Advirtió que la reforma introducida al Decreto 089 de 2005 o de otras normas del orden municipal sobre publicidad exterior, “ no varía en nada lo dispuesto en la Ley 140 de 1994”. 2. Tiénese, pues, que el juzgador de segundo grado asentó un conjunto de razones que, independientemente que la Corte las prohíje, se afincan en el discernimiento que le atribuyó a los preceptos legales y a las pruebas recaudadas, expuestas unas y otras en el ejercicio de las atribuciones constitucionales que les corresponden, circunstancias que impiden calificar la decisión adoptada como abiertamente antojadiza o arbitraria para que sean objeto de cuestionamiento en sede tutelar.

La Corte al decidir una acción de tutela similar a la que ahora es objeto de estudio, puntualizó que “ no luce irrazonable u opuesto al orden jurídico, que es como se estructura la vía de hecho, el criterio esbozado por el tribunal accionado en la providencia de 27 de septiembre de 2005, que aquí se cuestiona, toda vez que el mismo tuvo sustento objetivo en razonamientos que no pueden tildarse de arbitrarios al decir en síntesis que aun cuando por cuenta del proceso haya cesado la vulneración del derecho colectivo o porque el accionado haya cumplido lo conciliado en el pacto de cumplimiento, ello no hace improcedente el reconocimiento del incentivo, pues el fin del legislador al establecerlo en el caso concreto resulta cumplido.

Podría decirse, sin temor a equívocos, que antes de iniciada la acción popular existía una vulneración de los derechos colectivos de la comunidad de Girardot con los avisos publicitarios del ente accionado, que procedió a retirar inicialmente las vallas de los costados y luego redujo, por acuerdo conciliatorio, el tamaño de la única valla que había dejado en la fachada de su almacén. Así mismo el resultado obtenido con la acción popular, frente a la vulneración o amenaza de los derechos colectivos, es lo que resulta determinante en el otorgamiento o la negación del incentivo económico.

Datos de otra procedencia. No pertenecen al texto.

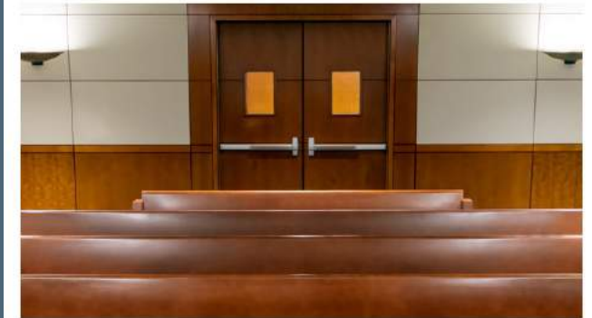
Zoom Background Image 1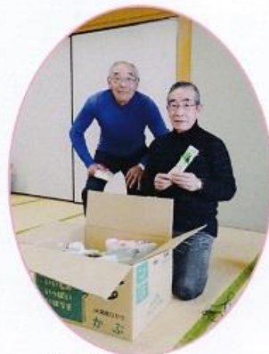
なんと！ ビンゴの1等、2等は 奇しくも新旧理事長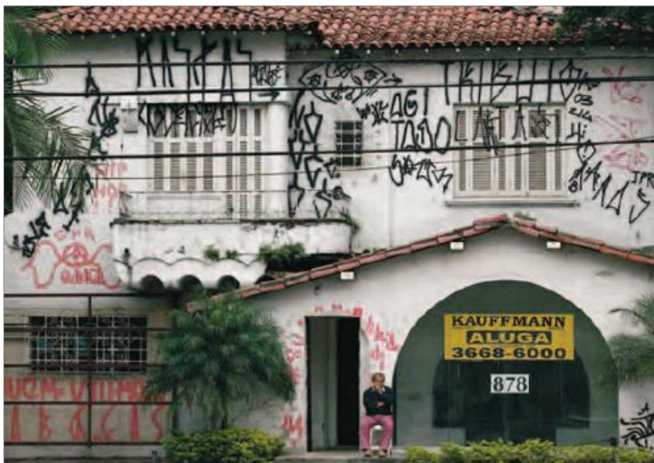
IMAGEM 03: Estilo gráfico de pixação de São Paulo.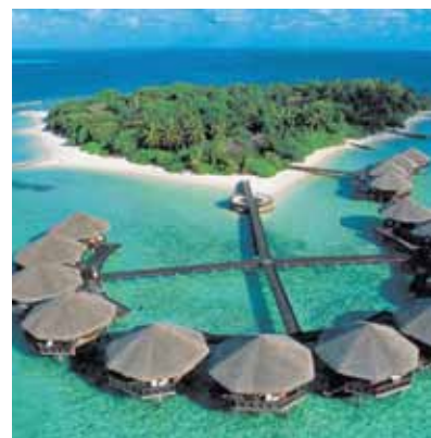
Endlich ausspannen: Dank TUI wird der Traum von der einsamen Insel Realität.

Der Weg für die Fusion von TUI und TUI Travel ist frei: Die Aktionäre von Europas größtem Reisekonzern und seiner selbstständigen britischen Veranstaltertochter haben mit großer Mehrheit der Verschmelzung beider Unternehmen zugestimmt. Mit vereinter Schlagkraft soll die neue TUI AG bald deutlich mehr Gewinn aus den eigenen Hotels und Kreuzfahrtschiffen sowie dem Geschäft als Reiseveranstalter ziehen. TUI Travel gehört bislang nur zu 54 Prozent der TUI AG. Durch den Zusammenschluss entsteht der größte Reisekonzern der Welt. TUI Travel befindet sich im Dividende 4 Plus Fonds und ist mit einer Dividendenrendite von über drei Prozent eine echte Perle.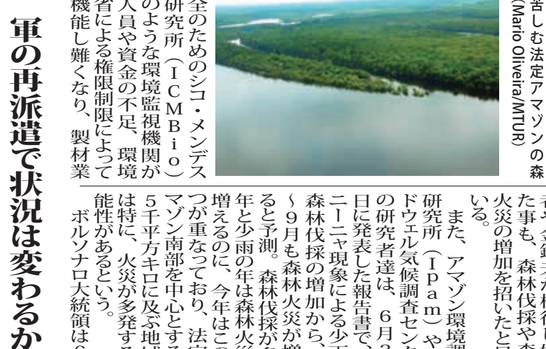
火災、伐採 大々々と進むアマゾンの森

アマゾンでは、6月に2308件の森林火災が起きたと発表。これは、2019年以降で最も多いと見られる。アマゾンでは、6月2日付付字紙が報じた。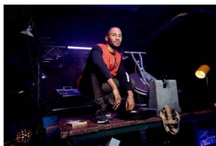
Kaytranada (ケイトラナダ) 音楽プロデューサー 着用モデル : NMD_R1 STLT PK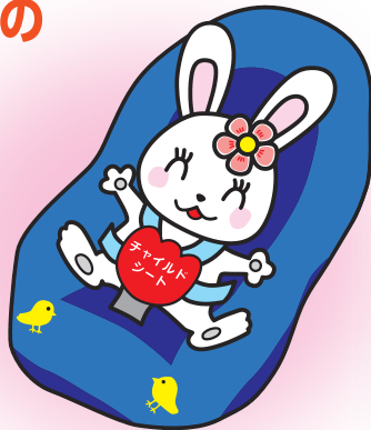
チャイルドシート着用 推進シンボルマーク 「カチャピヨン」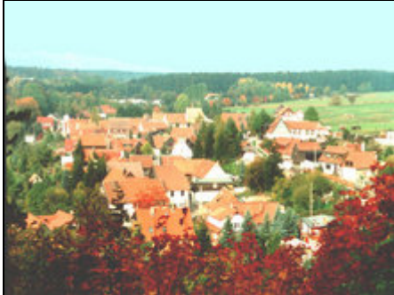
Ansicht von ELBINGERODE

Herzlich Willkommen in unserer gemütlichen und kinderfreundlichen Ferienwohnung in Elbingerode!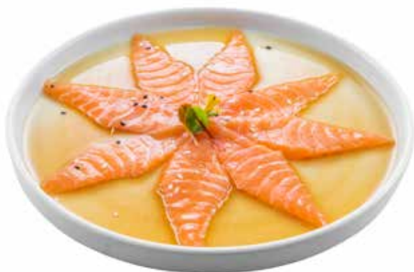
142 · CARPACCIO DI SALMONE | € 11,00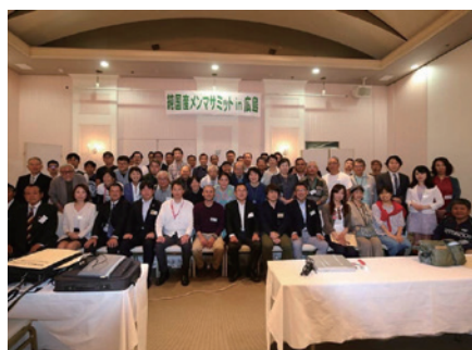
2019年5月、純国産メンマプロジェクト 全国大会・広島

地域資源活用の一環として、食するには大きくなりすぎたタケノコ(幼竹)を、約1mから1.2mくらいで収穫し、地元の漬物業者、道の駅運営会社との協力により、国産メンマを製造販売するプロジェクトです。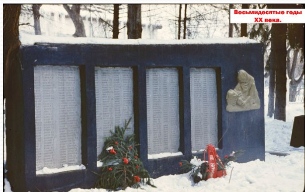
Фото 80-х годов XX века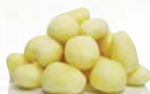
Delikatesspotatis 1030, 33-37 mm, 7 kg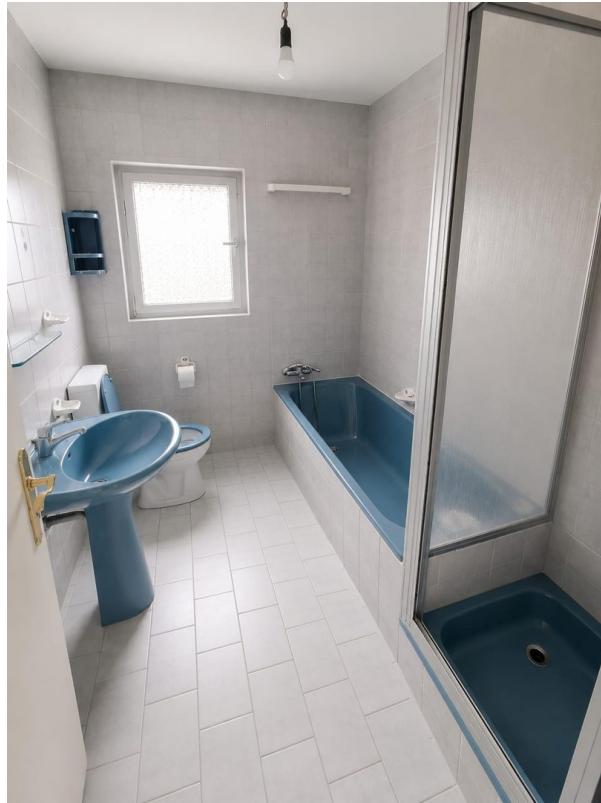
Bad, WC, Dusche

Sin que tenga trascendencia que se hubiera consagrado el reconocimiento del estimulo económico en el acto conciliatorio, pues la fuente del mismo no es la conciliación o el pacto de cumplimiento sino la ley” ( sent. T. de 9 de noviembre de 2005, exp. No. 01382). De acuerdo con o discurrido, la Corte negará el amparo constitucional solicitado.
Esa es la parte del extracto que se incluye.